◆ **Records from a dataset**:
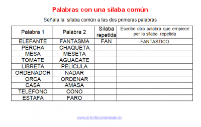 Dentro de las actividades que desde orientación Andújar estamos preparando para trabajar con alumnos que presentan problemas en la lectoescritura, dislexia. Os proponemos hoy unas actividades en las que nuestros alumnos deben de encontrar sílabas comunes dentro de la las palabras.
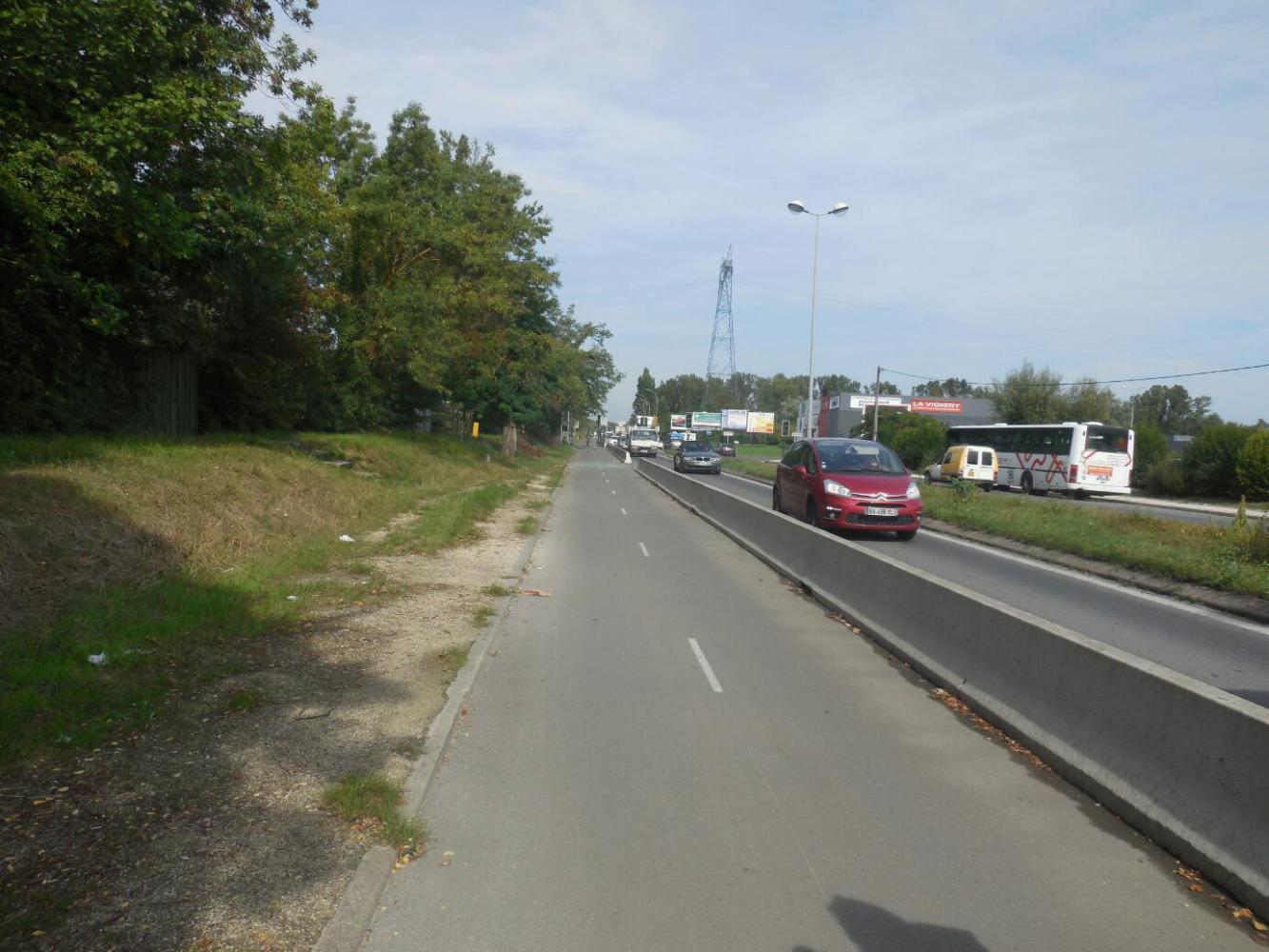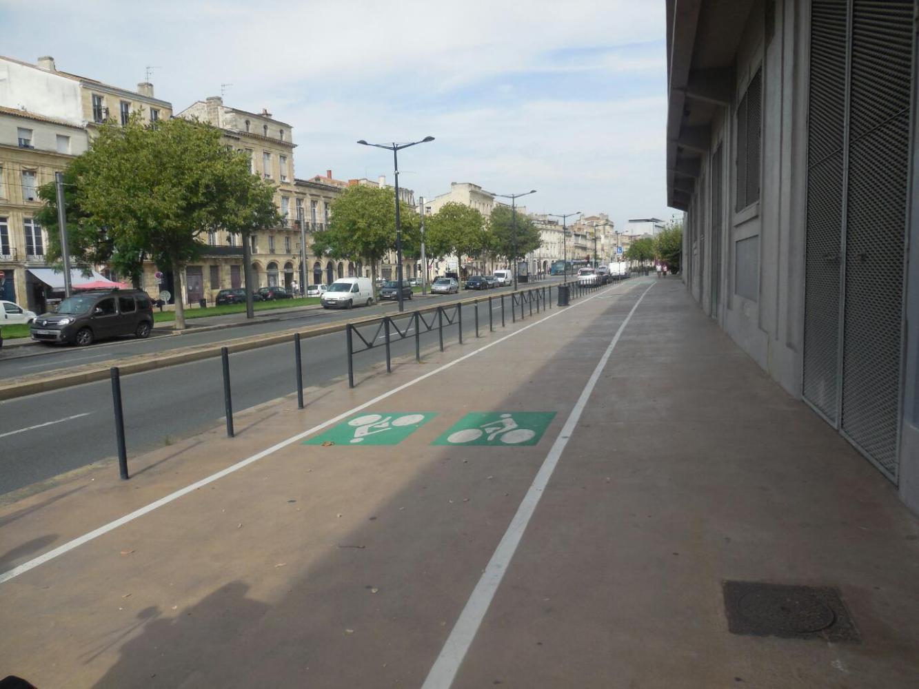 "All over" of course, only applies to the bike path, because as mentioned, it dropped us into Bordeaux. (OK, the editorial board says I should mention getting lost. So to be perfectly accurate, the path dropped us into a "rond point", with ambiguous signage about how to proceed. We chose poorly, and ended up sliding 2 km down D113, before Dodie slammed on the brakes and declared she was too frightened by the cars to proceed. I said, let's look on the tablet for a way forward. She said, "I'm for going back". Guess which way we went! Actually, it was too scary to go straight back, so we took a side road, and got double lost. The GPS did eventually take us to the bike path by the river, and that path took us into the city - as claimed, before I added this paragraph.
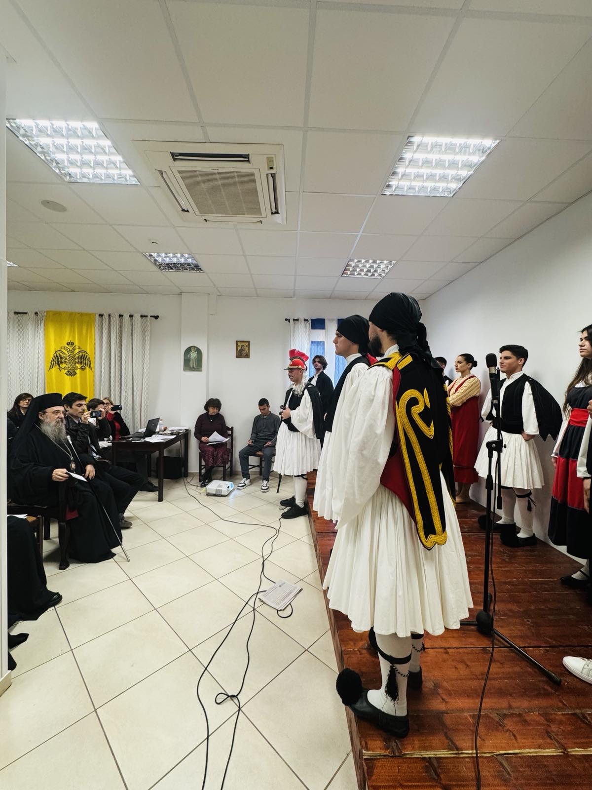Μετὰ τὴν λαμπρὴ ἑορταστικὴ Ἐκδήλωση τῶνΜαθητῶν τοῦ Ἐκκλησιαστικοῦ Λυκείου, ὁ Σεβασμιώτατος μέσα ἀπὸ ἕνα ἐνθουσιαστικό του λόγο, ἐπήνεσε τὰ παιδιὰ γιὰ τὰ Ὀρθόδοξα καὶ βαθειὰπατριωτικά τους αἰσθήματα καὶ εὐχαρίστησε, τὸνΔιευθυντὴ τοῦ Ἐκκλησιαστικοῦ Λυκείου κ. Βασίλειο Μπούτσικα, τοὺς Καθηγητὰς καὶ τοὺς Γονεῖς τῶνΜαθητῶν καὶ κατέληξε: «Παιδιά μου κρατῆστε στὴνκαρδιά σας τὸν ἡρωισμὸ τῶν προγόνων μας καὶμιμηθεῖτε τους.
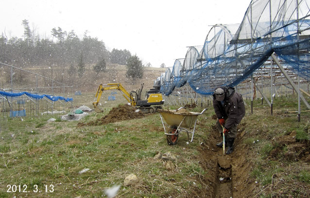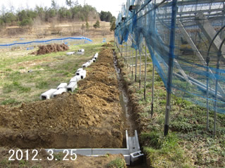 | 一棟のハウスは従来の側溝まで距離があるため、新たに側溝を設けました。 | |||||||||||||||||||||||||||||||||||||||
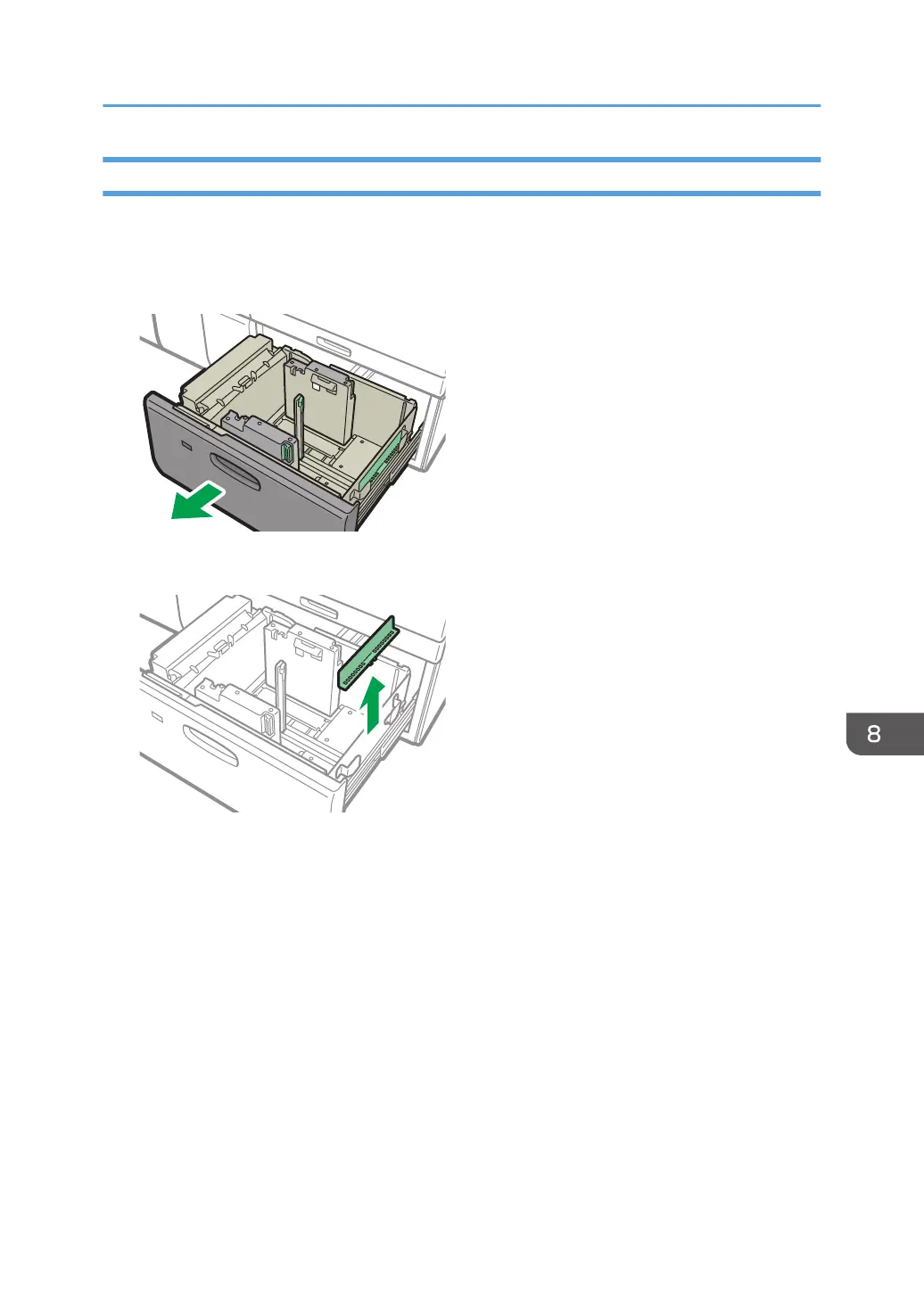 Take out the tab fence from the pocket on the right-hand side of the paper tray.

◆ **What you need to do**:
From the line with "added this paragraph." through the final line of the records above, return each line exactly and nothing else. Pictures are to be skipped.

◆ **Answer to the problem**:
 "All over" of course, only applies to the bike path, because as mentioned, it dropped us into Bordeaux. (OK, the editorial board says I should mention getting lost. So to be perfectly accurate, the path dropped us into a "rond point", with ambiguous signage about how to proceed. We chose poorly, and ended up sliding 2 km down D113, before Dodie slammed on the brakes and declared she was too frightened by the cars to proceed. I said, let's look on the tablet for a way forward. She said, "I'm for going back". Guess which way we went! Actually, it was too scary to go straight back, so we took a side road, and got double lost. The GPS did eventually take us to the bike path by the river, and that path took us into the city - as claimed, before I added this paragraph.
Μετὰ τὴν λαμπρὴ ἑορταστικὴ Ἐκδήλωση τῶνΜαθητῶν τοῦ Ἐκκλησιαστικοῦ Λυκείου, ὁ Σεβασμιώτατος μέσα ἀπὸ ἕνα ἐνθουσιαστικό του λόγο, ἐπήνεσε τὰ παιδιὰ γιὰ τὰ Ὀρθόδοξα καὶ βαθειὰπατριωτικά τους αἰσθήματα καὶ εὐχαρίστησε, τὸνΔιευθυντὴ τοῦ Ἐκκλησιαστικοῦ Λυκείου κ. Βασίλειο Μπούτσικα, τοὺς Καθηγητὰς καὶ τοὺς Γονεῖς τῶνΜαθητῶν καὶ κατέληξε: «Παιδιά μου κρατῆστε στὴνκαρδιά σας τὸν ἡρωισμὸ τῶν προγόνων μας καὶμιμηθεῖτε τους.
 | 一棟のハウスは従来の側溝まで距離があるため、新たに側溝を設けました。 | |||||||||||||||||||||||||||||||||||||||
 Take out the tab fence from the pocket on the right-hand side of the paper tray.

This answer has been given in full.